6. Become easier and more difficult at the same time

No paradox, look, there are you and the world around you. You are not one, and, therefore, the attitude towards these two objects can be different. Try to treat the world and everything that happens around easier. All the more so that you cannot control. Happened and happened, nevertheless remained alive and well, we draw conclusions, we go further. On the contrary, take yourself a little more seriously, as the film’s main character, only in this case the movie is long, called “life”.

There is no reason to always go around with a serious face, probably even the opposite, but in my head, it is worth carrying out quite serious excavations. Over the years, so much rubbish has accumulated there that no archaeologist will rake it up; you will have to clean it yourself.

This is the only way to understand what remains important for you and what is anachronism, which has long been a place in the museum of unfulfilled ideas. It is possible that these ideas do not drag to the bottom because they are still there, in the head, but they will never be realized.
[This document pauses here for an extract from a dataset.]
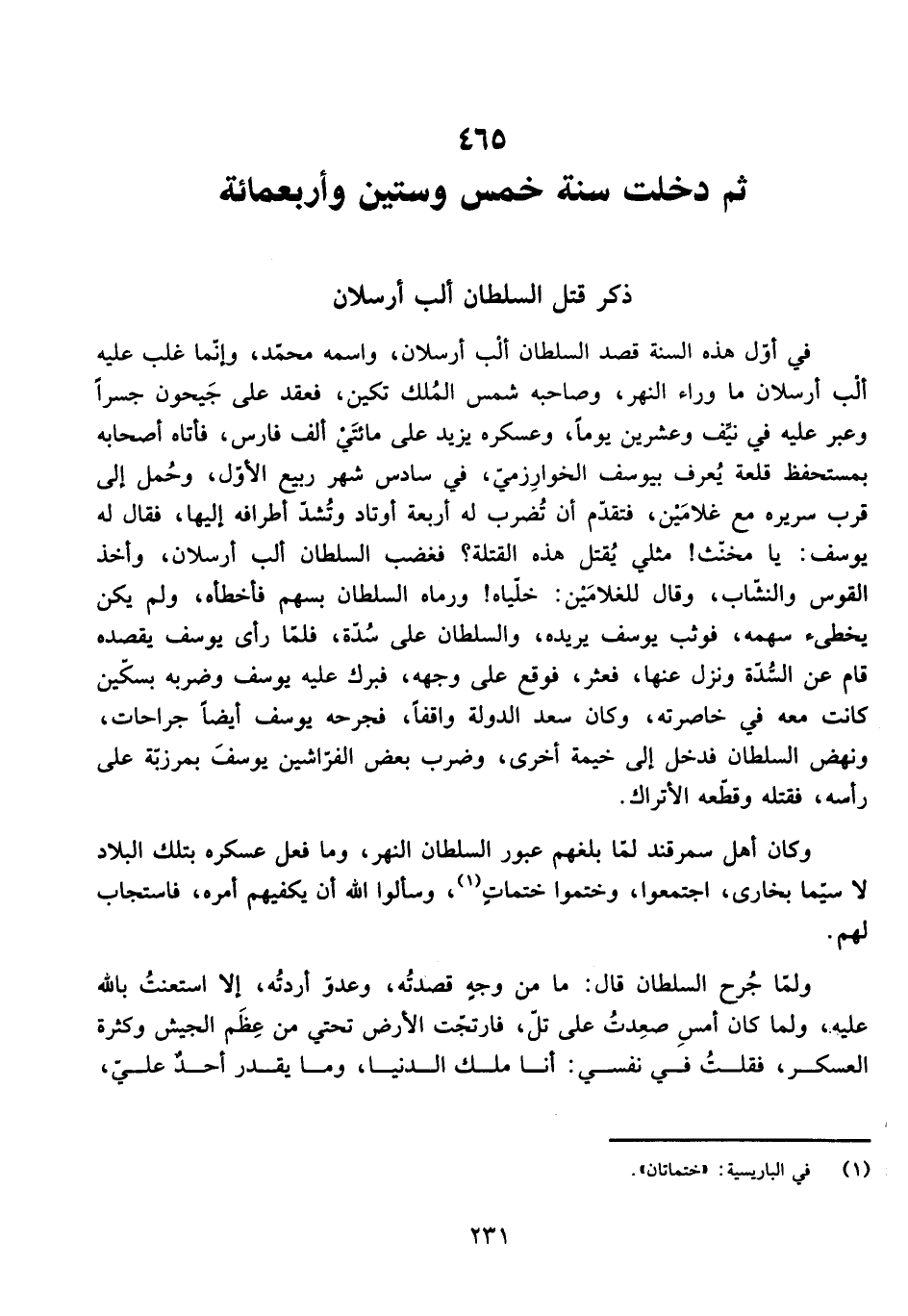 فِي أَوَّلِ هَذِهِ السَّنَةِ قَصَدَ السُّلْطَانُ أَلْب أَرْسَلَانَ، وَاسْمُهُ مُحَمَّدٌ، وَإِنَّمَا غَلَبَ عَلَيْهِ أَلْب أَرْسَلَانَ مَا وَرَاءَ النَّهْرِ، وَصَاحِبُهُ شَمْسُ الْمُلْكِ تِكِينَ، فَعَقَدَ عَلَى جَيْحُونَ جِسْرًا وَعَبَرَ عَلَيْهِ فِي نَيِّفٍ وَعِشْرِينَ يَوْمًا، وَعَسْكَرُهُ يَزِيدُ عَلَى مِائَتَيْ أَلْفِ فَارِسٍ، فَأَتَاهُ أَصْحَابُهُ بِمُسْتَحْفِظِ قَلْعَةٍ يُعْرَفُ بِيُوسُفَ الْخُوَارِزْمِيِّ، فِي سَادِسِ شَهْرِ رَبِيعٍ الْأَوَّلِ، وَحُمِلَ إِلَى قُرْبِ سَرِيرِهِ مَعَ غُلَامَيْنِ، فَتَقَدَّمَ أَنْ تُضْرَبَ لَهُ أَرْبَعَةُ أَوْتَادٍ وَتُشَدَّ أَطْرَافُهُ إِلَيْهَا، فَقَالَ لَهُ يُوسُفُ: يَا مُخَنَّثُ! مِثْلِي يُقْتَلُ هَذِهِ الْقِتْلَةَ؟ فَغَضِبَ السُّلْطَانُ أَلْب أَرْسَلَانَ، وَأَخَذَ الْقَوْسَ وَالنِّشَابَ، وَقَالَ لِلْغُلَامَيْنِ: خَلِّيَاهُ! وَرَمَاهُ السُّلْطَانُ بِسَهْمٍ فَأَخْطَأَهُ، وَلَمْ يَكُنْ يُخْطِئُ سَهْمُهُ، فَوَثَبَ يُوسُفُ يُرِيدُهُ، وَالسُّلْطَانُ عَلَى سُدَّةٍ، فَلَمَّا رَأَى يُوسُفَ يَقْصِدُهُ قَامَ عَنِ السُّدَّةِ وَنَزَلَ عَنْهَا، فَعَثَرَ، فَوَقَعَ عَلَى وَجْهِهِ، فَبَرَكَ عَلَيْهِ يُوسُفُ وَضَرَبَهُ بِسِكِّينٍ كَانَتْ مَعَهُ فِي خَاصِرَتِهِ، وَكَانَ سَعْدُ الدَّوْلَةِ وَاقِفًا، فَجَرَحَهُ يُوسُفُ أَيْضًا جِرَاحَاتٍ، وَنَهَضَ السُّلْطَانُ إِلَى خَيْمَةٍ أُخْرَى، وَضَرَبَ بَعْضُ الْفَرَّاشِينَ يُوسُفَ بِمِرْزَبَةٍ عَلَى رَأْسِهِ فَقَتَلَهُ، وَقَطَّعَهُ الْأَتْرَاكُ.

7. Don’t promise, don’t argue, and control your emotions

A lost argument and a broken promise always leave their mark. Some people endure it easier, as if not noticing; for others, it becomes almost a personal tragedy. It is not only scale that plays a role here, but also intensity. For example, if a person constantly promises something and never fulfills it, he ceases to take his words seriously. Roughly the same with an eternally arguing person who is often not particularly competent. A chain reaction is triggered, forcing you to promise and argue even more often, on absolutely any topic, without pursuing any goals.

As a result, words, like a person’s very opinion, are devalued to zero, and, most importantly, he understands this perfectly. Among other things, learn to control your emotions. Easier said than done, and this is really hard work on yourself, but at least some feelings can be controlled or reduced. Emotions make us more human, but they also expose all vices. Just one escaped emotion, only one uncomfortable moment can be memorized forever. You will remember them at night, replaying the options and burning with shame. The more of these memories, the more clogged self-esteem becomes.